Rural gigabit broadband pilot program and other amendments underscore importance of accurate and verified broadband mapping data
Yesterday, the U.S. Senate passed the Agriculture Reform, Food, and Jobs Act of 2013, S. 954, by a vote of 66 – 27. The Senate Farm Bill is the latest iteration of an omnibus authorization bill that is known as the “Farm Bill” that is reauthorized by Congress every five years.
The bill approved by the Senate yesterday would invest nearly $955 billion over the next ten years, and Title VI would continue support for rural economic development and infrastructure improvements, including notable changes to the rural broadband and economic development programs administered by the U.S. Department of Agriculture (USDA). The Senate Farm Bill would authorize USDA to provide combinations of grants and loans for the expansion of broadband service, telemedicine, and distance learning, expanding upon the current broadband loan guarantee program. In addition, the Senate Farm Bill would establish a pilot program to spur rural gigabit broadband networks. This pilot program was adopted yesterday in an amendment offered by Sen. Pat Leahy (D-VT) to help create “ultra high-speed” broadband networks to all or part of rural communities that do not have them.
The revised USDA broadband infrastructure program would rely and depend on verified, granular data on broadband availability and depends on the continued availability of accurate broadband maps. For instance, the Senate Farm Bill directs USDA to prioritize its broadband loan and grant programs to areas with less than 20,000 residents, those suffering population loss, those with high-numbers of low-income households, and those that are “isolated from other significant population centers.” The Leahy amendment also requires that these unserved communities be certified as such on a state’s broadband map, “if the map contains address-level data,” or on the National Broadband Map “if address-level data is unavailable.”

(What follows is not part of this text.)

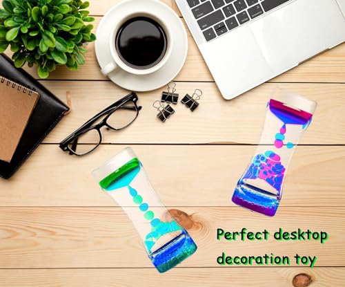 COLORFUL SENSORY TOYS: Each liquid motion bubbler timer contains two colors inside,Blue Pink and Blue Green,When they coincide, a third color will appear, giving you a different sensory experience! Great for an office desk space, bedroom, or even as a reminder when brushing your teeth, the soothing colors remind you to slow down, relax, and enjoy each moment, each with their own unique colors inside!

Several Senators offered significant broadband-related amendments to the Farm Bill that they wanted considered by the Senate. For instance, an amendment offered by Sen. Mark Warner (D-VA) that would require any recipient of broadband grants or loans to participate in the broadband mapping process that forms the National Broadband Map, and to provide address-level data. With the reform of the Universal Service Fund’s High-Cost program, the importance of fresh, granular, and accurate data is becoming clear to policy-makers, and Sen. Warner’s amendment underscores that interest. In addition, amendments offered by Sen. Tom Coburn (R-OK) would have required USDA broadband grants and loans to fund projects only in areas that do not have broadband service. Successful implementation of this amendment would require fresh, granular, and accurate broadband availability data, and the amendment also would require address-level broadband availability data in the future. An amendment offered by Sen. Sherrod Brown (D-OH) would have required USDA to study broadband adoption in rural areas prior to making any grant and loan.
The path to final passage and enactment of a Farm Bill this year is unclear, even with the current Farm Bill extension expiring on September 30, 2013. The House of Representatives still needs to consider and pass its own bill, and both the Senate and the House need to agree on specific text. However, the important changes to the USDA broadband infrastructure program, the Leahy amendment, and the other broadband-related amendments demonstrate that the U.S. Congress is tracking broadband and rural economic development-related issues closely.